Online disinformation and misinformation

Online disinformation and misinformation can cause significant harm to Australians by creating or deepening social tensions and undermining democratic pillars such as electoral systems.

On 22 February 2021, the Digital Industry Group Inc. (DIGI) launched the Australian Code of Practice on Disinformation and Misinformation (“the Code”) that commits a diverse set of technology companies to reducing the risk of harm.

This article explores the key considerations including signatories to the Code and what they have committed to.


Who is DIGI?

The Digital Industry Group Inc. (DIGI) is a not-for-profit industry association advocating for the digital industry in Australia. It is the industry association for companies that invest in online safety, privacy, cyber security and a thriving Australian digital economy. Founding members include Apple, Google and Meta.


What is the difference between misinformation and disinformation?

DIGI characterises misinformation as false or misleading information disseminated online which can, but may not be intended to, cause harm. For example, individuals can share harmful false information on social media that they genuinely believe to be true.

Disinformation is false or misleading information that can, and is intended to, cause harm. For example, disinformation can be spread by malicious actors to interfere with democratic elections or to undermine public health initiatives.


Why was the Code developed?

The Code was developed in response to the Australian Government policy announced in December 2019, where the digital industry was asked to develop a voluntary code of practice on disinformation, drawing learnings from a similar code in the European Union.

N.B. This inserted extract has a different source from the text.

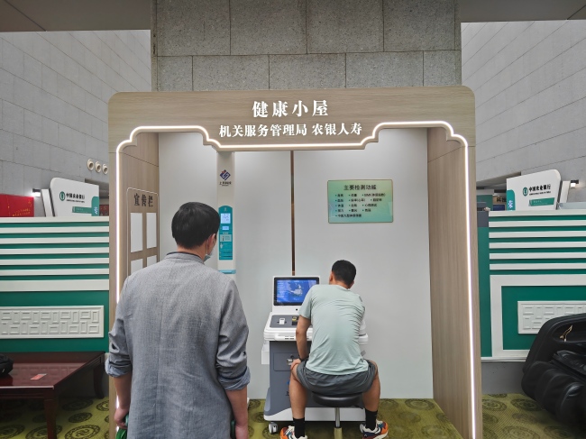 在農行總行大廈的北樓大廳,一座科技感十足的「健康小屋」悄然成為員工打卡熱點。這里沒有冗長的體檢排隊,只需刷身份證站立5分鐘,身高、體重、體脂、血壓等多項核心指標報告即時生成。支撐這一高效體驗的,正是上禾科技

In October 2021, DIGI strengthened the code with independent oversight and a facility for the public to report breaches by signatories of their code commitments. In June 2022, DIGI launched a review of the code to inform its continued improvement.


Signatories to the Code

The Code has been signed by eight major technology companies that are the founding signatories:

  • Adobe
  • Apple
  • Google
  • Meta
  • Microsoft
  • Redbubble
  • TikTok
  • Twitter

The Code is open to any company in the digital industry as a blueprint for best practice for how to combat misinformation and disinformation online.


Signatory commitments

Signatories to the Code commit to a range of objectives, some of which are optional depending on the products/services offered by a company. The commitments include:

  • Provide safeguards against harms that may arise from disinformation and misinformation.
  • Disrupt advertising and monetisation incentives for disinformation.
  • Work to ensure the security and integrity of services and products delivered by digital platforms.
  • Empower consumers to make better informed choices of digital content.
  • Improve public awareness of the source of political advertising on digital platforms.
  • Strengthen public understanding of disinformation and misinformation through support of strategic research.
  • Publicise the measures taken to combat disinformation and misinformation.


What happens if a signatory fails to meet its commitments?

DIGI accepts complaints from the Australian public where they believe a signatory has breached their code commitments.

On its website, DIGI provides general information on how to make a complaint for each signatory. For example, to complain about a result that appears in Google’s search index, click on the three vertical dots that appear alongside the URL text and select “Send feedback”.


Key takeaways

The Australian Code of Practice on Disinformation and Misinformation has been launched by DIGI to combat online disinformation and misinformation impacting Australians. Signatories to the Code have committed to a range of objectives such as providing safeguards against harms that may arise from disinformation and misinformation, and publicising the measures taken.